Maryam Radjavi : l’avenir en Iran sans peine de mort

La peine de mort en Iran

La peine de mort est la forme la plus extrême de pénalité qui puisse être. Elle a déjà existé depuis des siècles ; et elle l’est encore jusqu’à ce jour. Néanmoins, son application s’est vue réduite depuis les différentes sensibilisations concernant les droits de l’homme et l’émergence de ces derniers. Et plusieurs Etats ont, par conséquent, procédé à l’abolition des textes légaux y relatifs. Mais même si le monde entier se tourne de plus en plus vers l’établissement et le maintien de la paix interne, d’autres pays, dont l’Iran, ne sont pas de la partie. L’Iran est considéré comme l’Etat où, l’exécution de vie humaine est la plus accentuée après la Chine ; et où le respect des droits de l’homme est bafoué sans gêne. C’est justement pour cette raison que la politicienne renommée et Présidente du Conseil National de la Résistance Iranienne ou CNRI, Maryam Radjavi, a crié fort un besoin imminent de changement lors de la Journée mondiale de la paix.

La peine de mort en Iran

Certes, la peine de mort est la peine capitale en Iran ; mais c’est également la peine la plus répandue et elle est même prononcée contre des crimes qui ne sont pas vraiment intenses et violents. Effectivement, l’exécution est facilement déclarée par les Juges dans la majeure des cas. Que ce soit dans une affaire de meurtre, de viol, d’enlèvement ou de manipulation de stupéfiants, c’est souvent la punition infligée. Et pire, cette république islamique est aussi partant pour exécuter des mineurs ayant commis un meurtre. En guise de justification, l’autorité islamique précise qu’il ne s’agit pas d’une peine mais d’une réparation du tort causé. Pourtant, un tel geste n’a pas été reconnu par la Communauté Internationale, jusqu’à ce jour. Quand bien même, l’Etat iranien a commencé dernièrement à revoir leurs lois ; et le nombre d’exécution ayant eu lieu en 2018 a été réduit à 253, contre 507 en 2017. Ceci dit, le chemin est encore loin pour une abolition complète de la peine de mort en Iran.
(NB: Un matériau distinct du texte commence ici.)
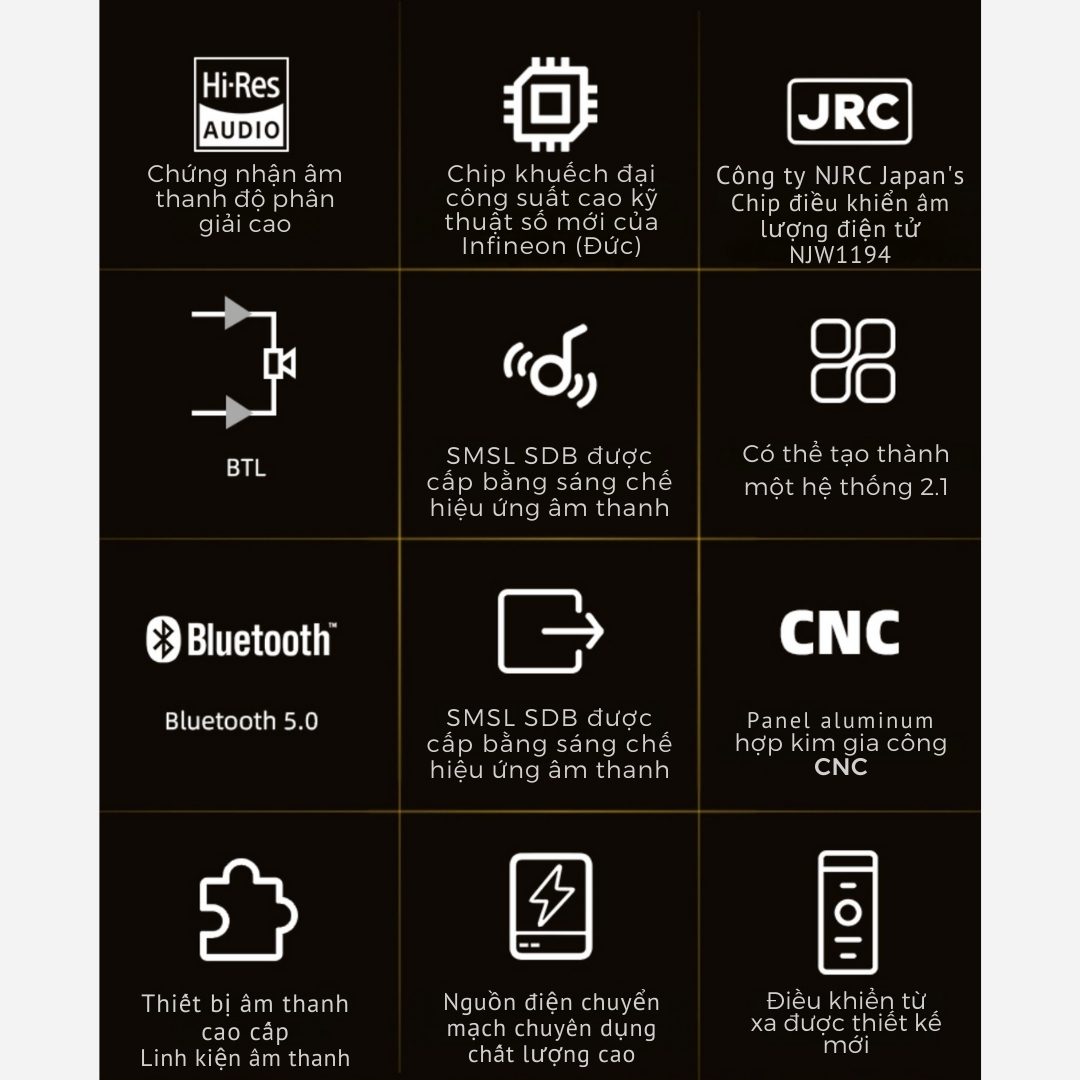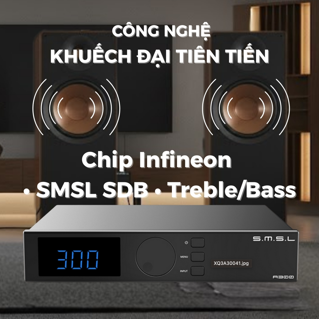 Công nghệ âm thanh độc quyền: Tích hợp âm thanh bằng sáng chế SMSL SDB cùng khả năng chỉnh Treble/Bass linh hoạt.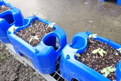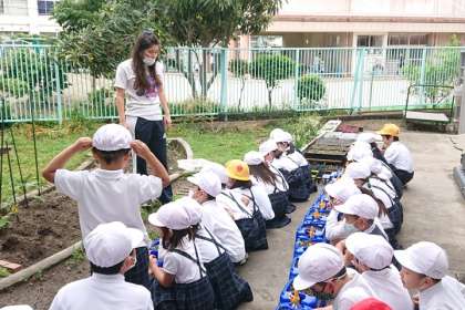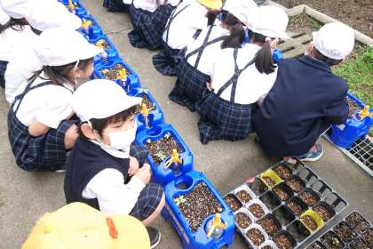 水やり用のペットボトルを置きに来た1年生の子どもたちは、とても喜んでいました。

Le futur Iran selon Maryam Radjavi

Face à de telles circonstances, une partie de la société iranienne ne reste pas indifférente, telle que le CNRI dirigée par Maryam Radjavi. Ce dernier a, en effet, élaboré un plan de visualisation du pays dans le futur ; qui se base entièrement sur un Iran sans peine de mort. La politicienne a précisé qu’un tel avenir ne sera possible si la Communauté Internationale et les pays occidentaux ne sortent pas de leurs silences. Le peuple iranien a besoin qu’on vienne à leur rescousse et que l’autorité iranienne, ainsi que les mollahs, acceptent sans condition d’abolir la peine de mort. Oui, la statistique a largement baissée, et la forme d’exécution par lapidation a été abandonnée ; mais c’est encore loin d’être l’Iran sans peine de mort. De plus, trouver une autre perspective d’avenir pour les prisonniers politiques devrait également être une priorité majeure. Il serait plus que temps d’abroger les principes de base du régime actuel, pour plus de respect aux droits de l’homme.

Les nouvelles perspectives iraniennes selon Maryam Radjavi

Selon toujours les dires de la Présidente de la résistance iranienne, les iraniens méritent de vivre dans la paix et de répondre à leurs crimes selon leur intensité. C’est ainsi que la peine de mort en Iran soit être abolies dans l’urgence, surtout pour éviter qu’une telle situation devienne le quotidien du peuple. Bien sûr, nombreux sont les points à mettre en œuvre et auxquels il faut se battre ; tels que la mise en place d’une justice indépendante, le respect de la démocratie juste et de la liberté ainsi que le respect de la vie privée. Mais aussi, pour y parvenir, il est impératif d’abolir les lois imposées par la charia ; qui favorisent les arrestations arbitraires et  la torture.